_TASK DESCRIPTION_:
For the records below, copy exactly the span that begins at the line containing "Menu card template" and stops after the line containing "- Die Sitzbezüge", minus any pictures.

_STORED DATA_:
........
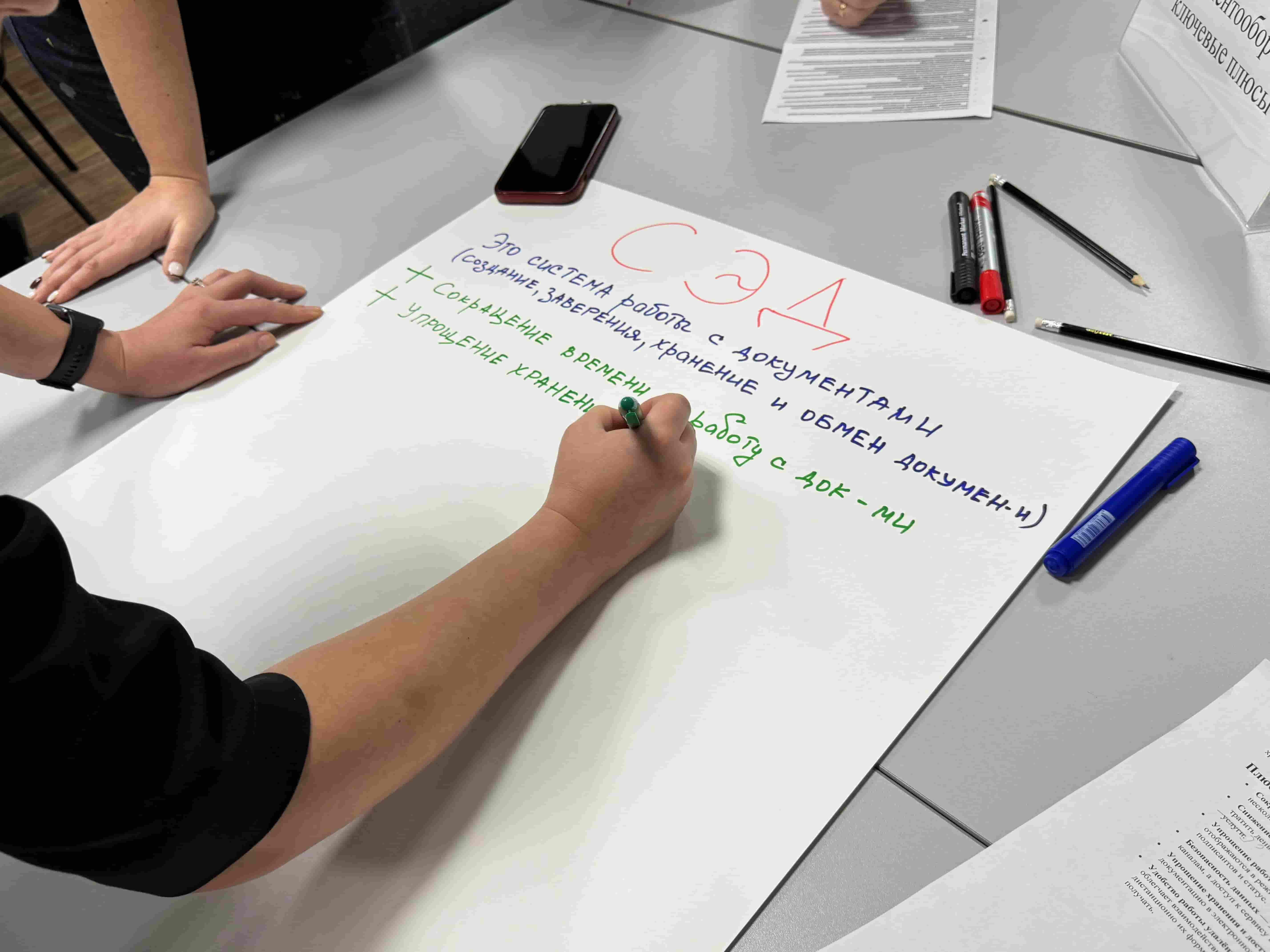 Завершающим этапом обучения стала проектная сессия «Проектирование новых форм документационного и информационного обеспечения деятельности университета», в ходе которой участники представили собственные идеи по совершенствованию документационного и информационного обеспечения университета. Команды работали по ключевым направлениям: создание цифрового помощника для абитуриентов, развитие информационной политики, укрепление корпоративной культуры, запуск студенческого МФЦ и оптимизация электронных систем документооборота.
........
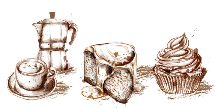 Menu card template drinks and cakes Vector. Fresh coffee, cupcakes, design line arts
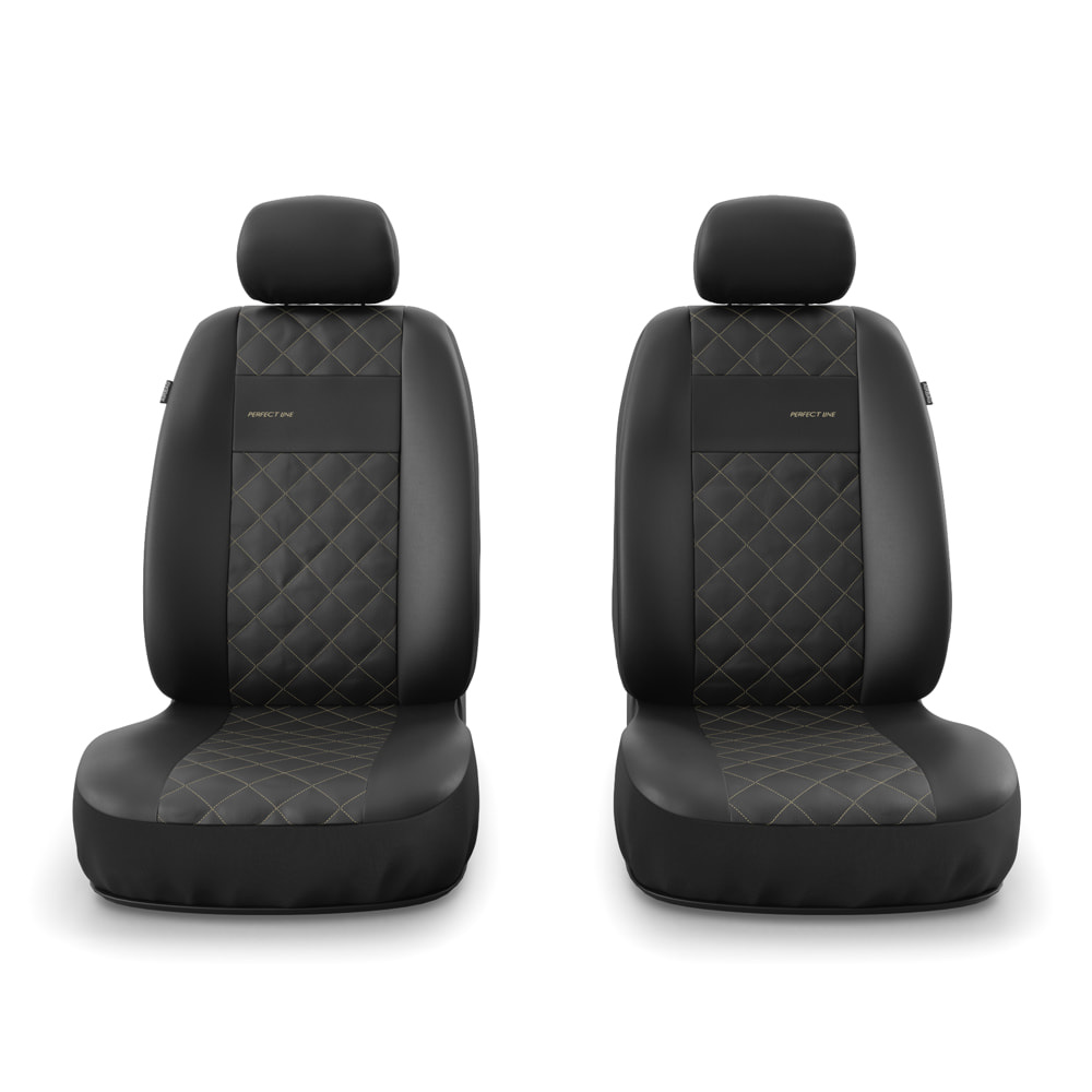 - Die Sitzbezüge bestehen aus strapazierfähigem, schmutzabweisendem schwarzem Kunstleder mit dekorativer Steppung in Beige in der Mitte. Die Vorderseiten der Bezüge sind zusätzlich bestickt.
........
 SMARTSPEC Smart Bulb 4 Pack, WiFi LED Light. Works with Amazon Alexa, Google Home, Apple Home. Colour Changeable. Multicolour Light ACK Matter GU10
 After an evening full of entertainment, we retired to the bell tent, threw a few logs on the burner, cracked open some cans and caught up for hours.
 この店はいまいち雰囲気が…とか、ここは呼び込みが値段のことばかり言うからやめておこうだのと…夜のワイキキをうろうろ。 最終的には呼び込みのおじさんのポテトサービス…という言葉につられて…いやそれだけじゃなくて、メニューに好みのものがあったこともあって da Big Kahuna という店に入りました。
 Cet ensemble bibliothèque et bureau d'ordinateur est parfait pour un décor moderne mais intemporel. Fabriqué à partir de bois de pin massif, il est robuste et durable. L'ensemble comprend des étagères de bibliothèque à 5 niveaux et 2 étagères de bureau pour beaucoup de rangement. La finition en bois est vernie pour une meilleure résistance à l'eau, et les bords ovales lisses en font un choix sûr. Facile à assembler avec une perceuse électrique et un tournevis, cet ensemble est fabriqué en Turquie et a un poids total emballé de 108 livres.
........
_RESPONSE_:
 Menu card template drinks and cakes Vector. Fresh coffee, cupcakes, design line arts
 - Die Sitzbezüge bestehen aus strapazierfähigem, schmutzabweisendem schwarzem Kunstleder mit dekorativer Steppung in Beige in der Mitte. Die Vorderseiten der Bezüge sind zusätzlich bestickt.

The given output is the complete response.